*WHAT YOU HAVE TO DO:* Under this line sits a listing. Repeat exactly and only its lines from the one holding "Cena prenájmu: od" through the one holding "an abstract lineart"; skip pictures.

*THE DATA:*
━━━━

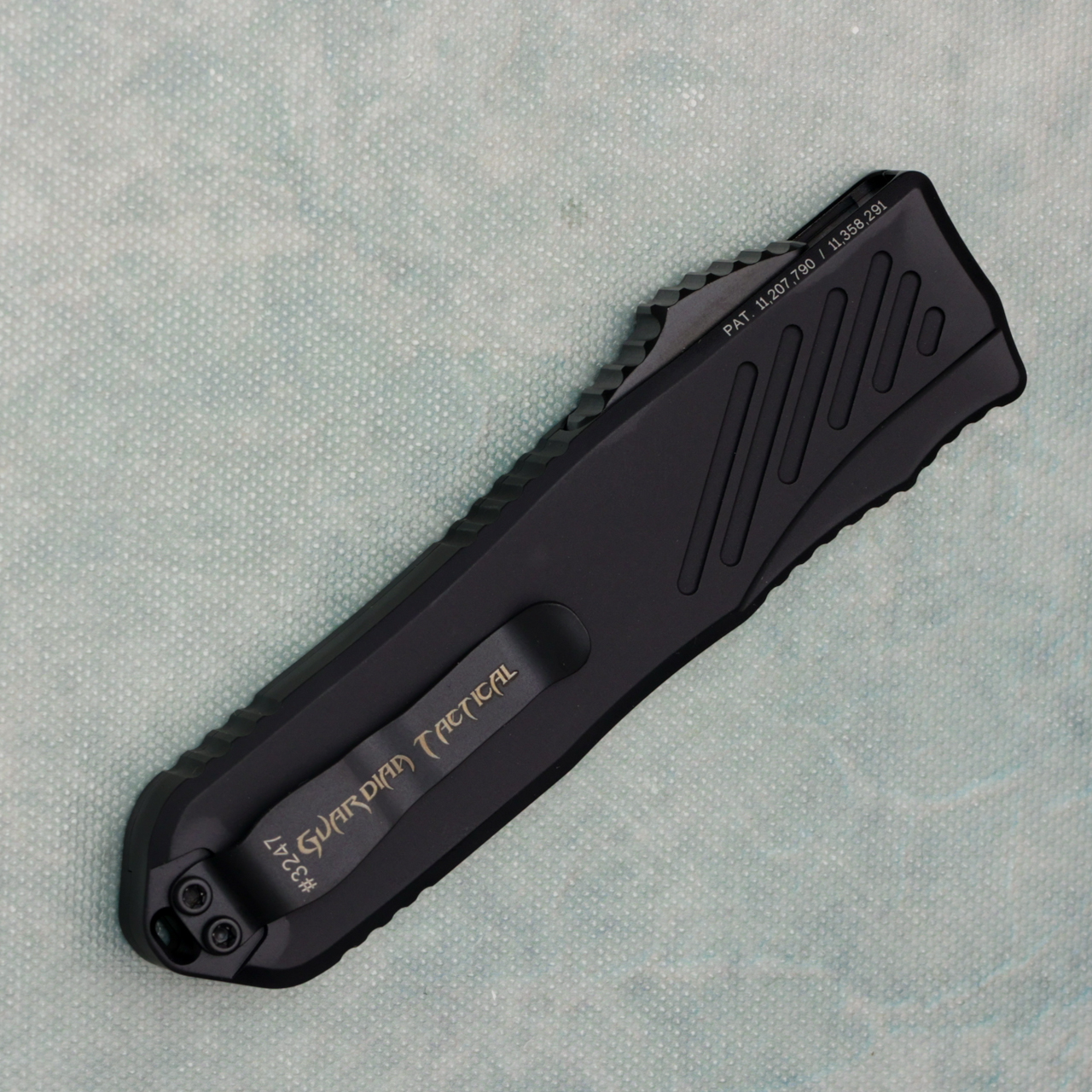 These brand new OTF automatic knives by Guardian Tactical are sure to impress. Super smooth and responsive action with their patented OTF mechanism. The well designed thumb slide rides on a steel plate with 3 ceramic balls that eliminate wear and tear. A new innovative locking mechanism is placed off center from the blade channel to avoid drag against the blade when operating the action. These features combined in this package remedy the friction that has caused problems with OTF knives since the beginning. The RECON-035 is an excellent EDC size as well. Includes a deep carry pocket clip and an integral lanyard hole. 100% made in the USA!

━━━━

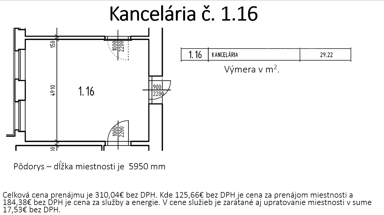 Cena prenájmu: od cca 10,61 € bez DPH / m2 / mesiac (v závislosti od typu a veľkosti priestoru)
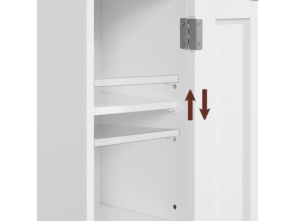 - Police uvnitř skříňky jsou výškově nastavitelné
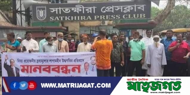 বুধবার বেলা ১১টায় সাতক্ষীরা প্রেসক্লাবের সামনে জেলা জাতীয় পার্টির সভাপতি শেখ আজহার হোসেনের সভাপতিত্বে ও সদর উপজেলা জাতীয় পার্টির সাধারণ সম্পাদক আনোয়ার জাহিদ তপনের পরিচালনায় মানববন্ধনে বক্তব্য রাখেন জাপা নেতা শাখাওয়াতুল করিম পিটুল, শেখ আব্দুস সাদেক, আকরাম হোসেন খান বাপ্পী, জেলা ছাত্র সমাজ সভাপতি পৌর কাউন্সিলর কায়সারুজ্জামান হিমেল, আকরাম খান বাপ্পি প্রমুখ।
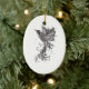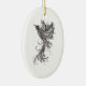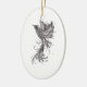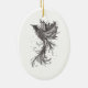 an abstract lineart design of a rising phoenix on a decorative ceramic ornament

━━━━

*FINISHED EXERCISE:*
 Cena prenájmu: od cca 10,61 € bez DPH / m2 / mesiac (v závislosti od typu a veľkosti priestoru)
 - Police uvnitř skříňky jsou výškově nastavitelné
 বুধবার বেলা ১১টায় সাতক্ষীরা প্রেসক্লাবের সামনে জেলা জাতীয় পার্টির সভাপতি শেখ আজহার হোসেনের সভাপতিত্বে ও সদর উপজেলা জাতীয় পার্টির সাধারণ সম্পাদক আনোয়ার জাহিদ তপনের পরিচালনায় মানববন্ধনে বক্তব্য রাখেন জাপা নেতা শাখাওয়াতুল করিম পিটুল, শেখ আব্দুস সাদেক, আকরাম হোসেন খান বাপ্পী, জেলা ছাত্র সমাজ সভাপতি পৌর কাউন্সিলর কায়সারুজ্জামান হিমেল, আকরাম খান বাপ্পি প্রমুখ।
 an abstract lineart design of a rising phoenix on a decorative ceramic ornament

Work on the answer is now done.